だが、その声に返ってきたのはひどく不明瞭な雑音だった。
花宮が端末を見て顔をこわばらせる。
「通信、切れかけてる」
「ビーコンは」
「まだ反応ある。でも位置同期が……何これ、ずれてる」
「ずれてる?」
「マップ上の表示が微妙に飛ぶ。固定できないんだよね……」
それを聞いて、リゼットの警告が正しかったと理解した。
地図情報との誤差が拡大している。
俺は一歩だけ前へ出て、崩落箇所と転移ギミックの残滓を見比べる。
退路は塞がれており、無理に戻ろうとすれば、今度は別の罠が来る可能性が高い。
「――理央」
「ああ、何だ?」
「透花と花宮を壁際へ寄せろ。

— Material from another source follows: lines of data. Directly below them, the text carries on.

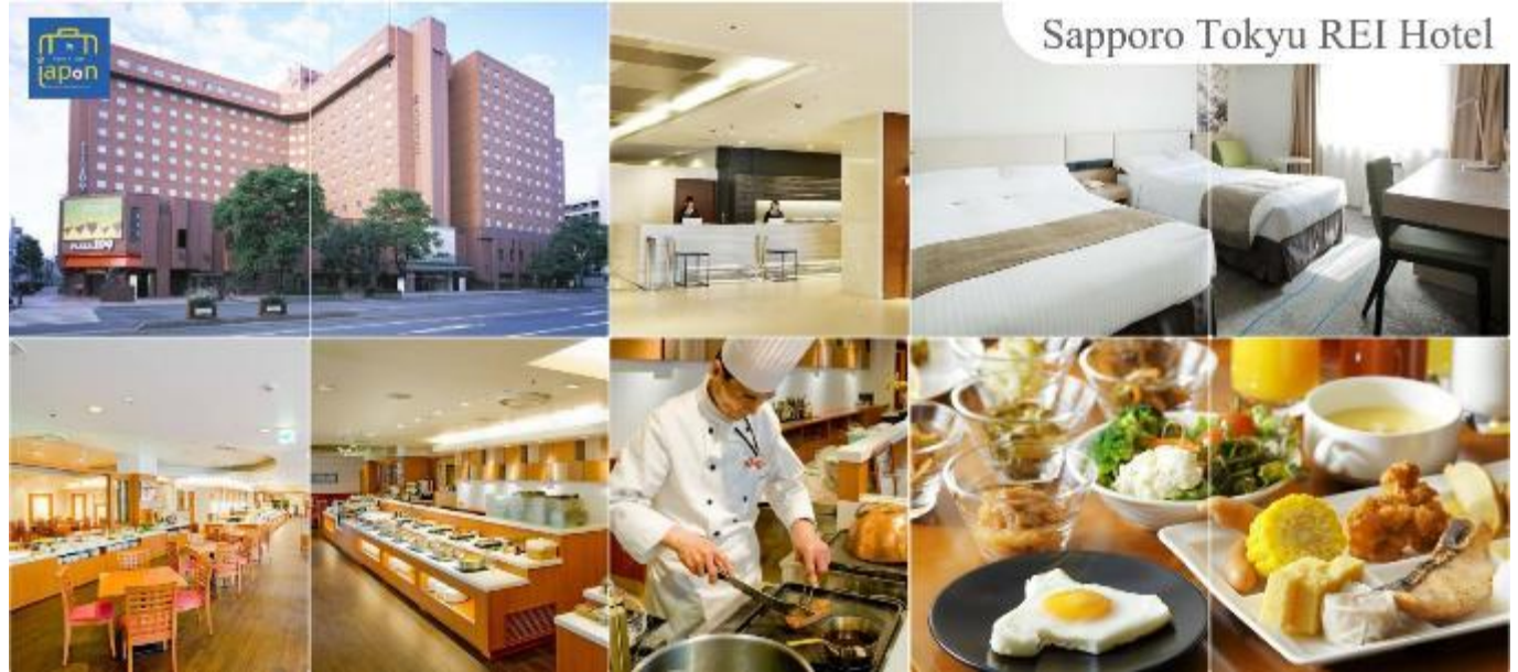
Sapporo Tokyu REI Hotel

SAPPORO TOKYU REI HOTEL หรือเทียบเท่าระดับเดียวกัน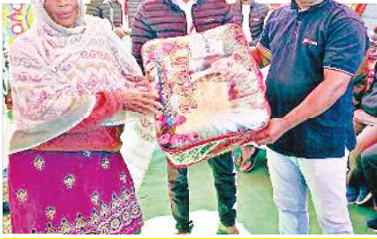
ওল সোরা ক্লাবস কোর্ডিনেটিং কমিটিয়া ময়াই কাবা চিঞ্জাকশিং পাউমীশিংগী মমাঙদা মে থাদোকুনা মাঙহনবগা লায়ননা ইমুং ৮০নী মীওইশিংদা নীংখম খুদোল তমখিবা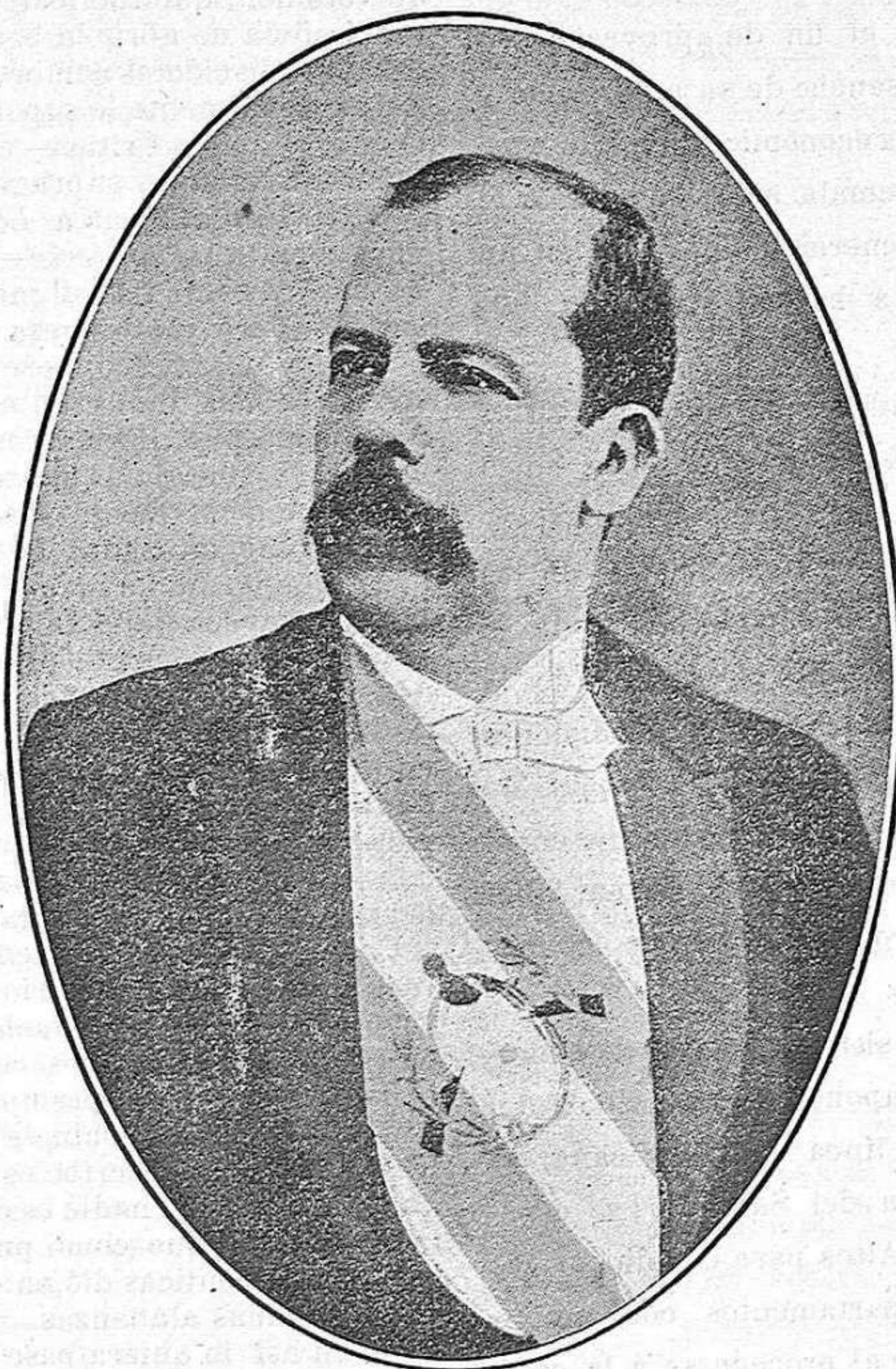
Excmo. Sr. Dr. D. Manuel Estrada Cabrera.

»Las diversas cuestiones económicas y cuanto afecta al bienestar, al crédito y á la prosperidad nacionales, serán siempre objeto de especialísimo estudio, adoptando con oportunidad y energía las resoluciones que el interés del país reclame, y haciéndolas

中央は踏むんじゃないぞ」
「分かった」
理央は迷わず動いた。
こういう時、理央は身体が先に動く。
そのまま突っ込みすぎる欠点はあるが、今は使いやすい。
「透花」
「う、うん」
「端を見てろ。足元じゃない、壁と天井を見ているんだ、いいな?」
「……分かった、あ、あと、久城くん」
「なんだ?」
「助けてくれてありがとう……」
「……気にするな」
透花にもしも何かがあれば、”乃亜”がきっと悲しむと思っての行動だ。
別に気にしないでほしいと思いながら、透花から離れた。
「花宮、端末は?」
「うーんとね……最低限のログは取れてる。でも先生側の反応が不安定」
「切れる前に位置情報だけ送り続けてくれ」
「やってる!」
声が上ずっている。
だが花宮もまだ保っている感じだ。
怖がりながらでも、手を止めないのは偉い。
三人とも、最低限以上には動けていた。
だからこそ余計に分かる。
今の俺の動きは、いつもの”久城乃亜”の行動と言うものじゃない。
頭数確認と退路確認。
危険箇所の切り分けと指示の順番。
こういう時に自然に出るものは誤魔化しづらい。
そんな行動をしていたからなのか、理央が低く呟く。
「……お前、本当何なんだよ」
その声には、疑いと同時に、ほんの少しの頼り方が混じっていた。
答える気はないし、答える余裕もない。
通路の奥から、また別の気配が流れてくる。
重い。濃い。浅層のものじゃない。
最悪だな、と心の底から思った。
教師との通信は切れかけている。
退路は不安定。
そして、四人だけがきれいに取り残されている。
これはもう授業にはならない。
俺は薄く息を吐いた。
「……っ」
ふと、何か嫌な気配を感じると同時に、懐かしい感じがした。
それはまるで、”あの時”の時のように。